Let me make this point by closing with a treasure from the Library. I spoke earlier of the face of war. The Library of Congress possesses a remarkable collection of more than 2000 Civil War faces which has been assembled and donated by Tom Liljenquist and his three young sons. Inspired by newspaper photographs of US servicemen and women killed in Iraq and Afghanistan, the Liljenquists regard their collection of tintypes and ambrotypes as a memorial to the soldiers of the Civil War.
Unidentified African American soldier in Union uniform with wife and two daughters. Ambrotype by unidentified photographer, between 1863 and 1865. Liljenquist Family Collection of Civil War Photographs. Part of the Last Full Measure Exhibition, Library of Congress.

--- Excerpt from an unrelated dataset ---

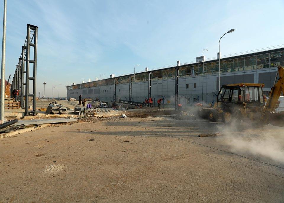 Около терминала D «Укрзализныця» построила две платформы длиной 114 метров для приема поездов. Сейчас строители укладывают на них покрытие из гранитных плит и начали возведение накрытия.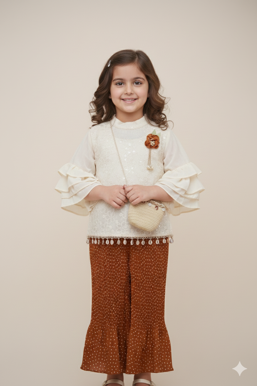 Be the first to review “Sweet Girls’ Cream Sequin Top & Brown Polka Dot Bell Bottom Pants” Cancel reply

Here is one of the ambrotypes from the collection. It has been tentatively identified as Sergeant Samuel Smith, his wife Mollie and daughters Mary and Maggie. The image was found in Cecil County Maryland, so it is likely that this soldier was in one of 7 regiments of United States Colored Troops raised in that state.
Like all of the portraits in this collection, it speaks eloquently to us across the century and a half that separates us. For this soldier and his family, the message is one of pride, an affirmation of the new freedoms war had enabled him to claim. Slavery would have denied him the right to legally marry or to protect his wife and children from sale. This portrait is of a free man; it proclaims a new day for black families, a new respectability of fine clothing and of daughters in matching coats and bonnets. And it portrays a soldier, an African American who under slavery would have been prohibited from bearing arms and until 1863 could not have enlisted in the army. Now he has joined what would be nearly 200,000 other black Americans to fight for freedom, to risk enslavement if captured and to establish a claim to full citizenship and humanity as the republic’s bold defenders. In this photograph, Sergeant Smith—or whoever this might be—makes a statement about a new order of things. It is his own declaration of independence, his personal affirmation that all men—that he—has been created equal that he is fighting for a new birth of freedom.
Union Case Four of the Last Full Measure Exhibition, Library of Congress.
But these 2000 portraits and the thousands more like them are intended to send us another message as well, one that speaks directly to the meaning of the study of humanity across time and space. These soldiers staring into the photographer’s lens are self-consciously reaching through history. They are documenting their faces and their uniforms partly because they know they may be killed in the battles ahead. But they also know they are making history in this war, and they want to capture it for us. Attention must be paid, they are saying. Don’t forget who we were and what we did. Let us give you the means to see us, to understand us long after we are gone.
The present is delivered to us at a price paid by those who came before. History helps us remember our accountability to them as well as our obligations to more than just ourselves and more than just our own time. It is a way of knowing and of valuing that has never mattered more.